Cela commence comme une comédie romantique pour peu à peu se transformer en mélodrame (revendiqué, assumé, en recourant délibérément aux stéréotypes du film de ce genre) mené comme un thriller haletant. Palpitant. L’étau se resserre. Le souffle manque. Poelvoorde, emprisonné et écartelé, devient de plus en plus inquiétant, aux portes de la folie, se jetant à cœur et corps perdus dans ses amours et son travail. Comme un condamné. Condamné à aimer et en mourir. Malade d’amour. Malade du cœur dont les soubresauts le mèneront à sa perte. Sans doute certains trouveront-ils la métaphore trop appuyée ou simpliste mais elle apporte au film son rythme et sa tension, constante, croissante.
Chiara Mastroianni est bouleversante dans le rôle de la femme fragile, aimante, aveugle, aveuglée et Charlotte Gainsbourg sous l’emprise de la passion, trahissant la personne qu’elle aime le plus au monde, convaincante, à fleur de peau, avec toujours ce mélange irrésistible de force et de fragilité. Dans l’ombre, Catherine Deneuve incarne avec justesse la mère qui a tout compris mais ne dira rien. Pas de manichéisme, pas de bons et de méchants, simplement des personnages, victimes de leurs irréfragables élans du cœur et des coups torves du destin.

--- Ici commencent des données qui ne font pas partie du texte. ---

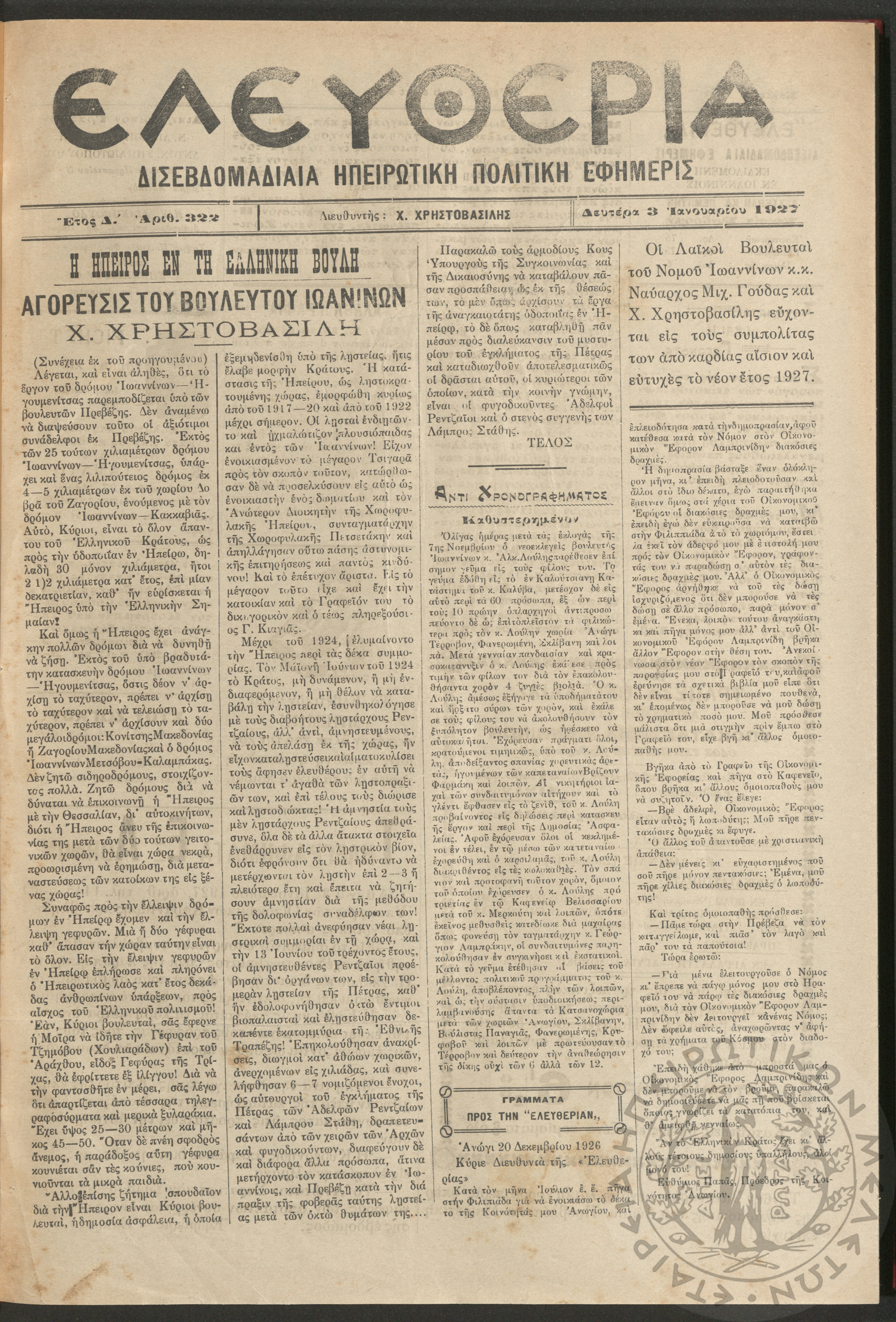 Ελευθερία: δισεβδομαδιαία Ηπειρωτική πολιτική εφημερίς, 1927, φ. 322

Quant à Benoit Poelvoorde, une fois de plus, à un personnage sur le papier banal il apporte sa fragilité, sa folie, sa singularité, son étrangeté, sa séduction nous rappelant qu’il n’excelle jamais autant que dans ces rôles d’hommes en apparence ordinaires à qui il arrive des histoires extraordinaires. Son plus beau rôle reste celui, trouble et troublant, d’ « Entre ses mains » d’Anne Fontaine dans lequel il parvient à rendre un tueur en série terriblement attirant. Alors oui, parfois, Benoît Jacquot use et abuse (à dessein) des clichés (le miroir pour exprimer la dualité, le conflit, les deux visages, les signes et coups du destin comme ces plans insistants sur l’heure) mais « le cœur a ses raisons que la raison ne connaît point »…et ne cherche parfois pas à connaître, et le mien s’est emballé pour ce film empreint de noirceur, de romantisme, de désenchantement, de tragédie et pour ces trois acteurs follement séduisants, et désespérément humains pris dans ce drame presque hitchcockien, inextricable et passionnant.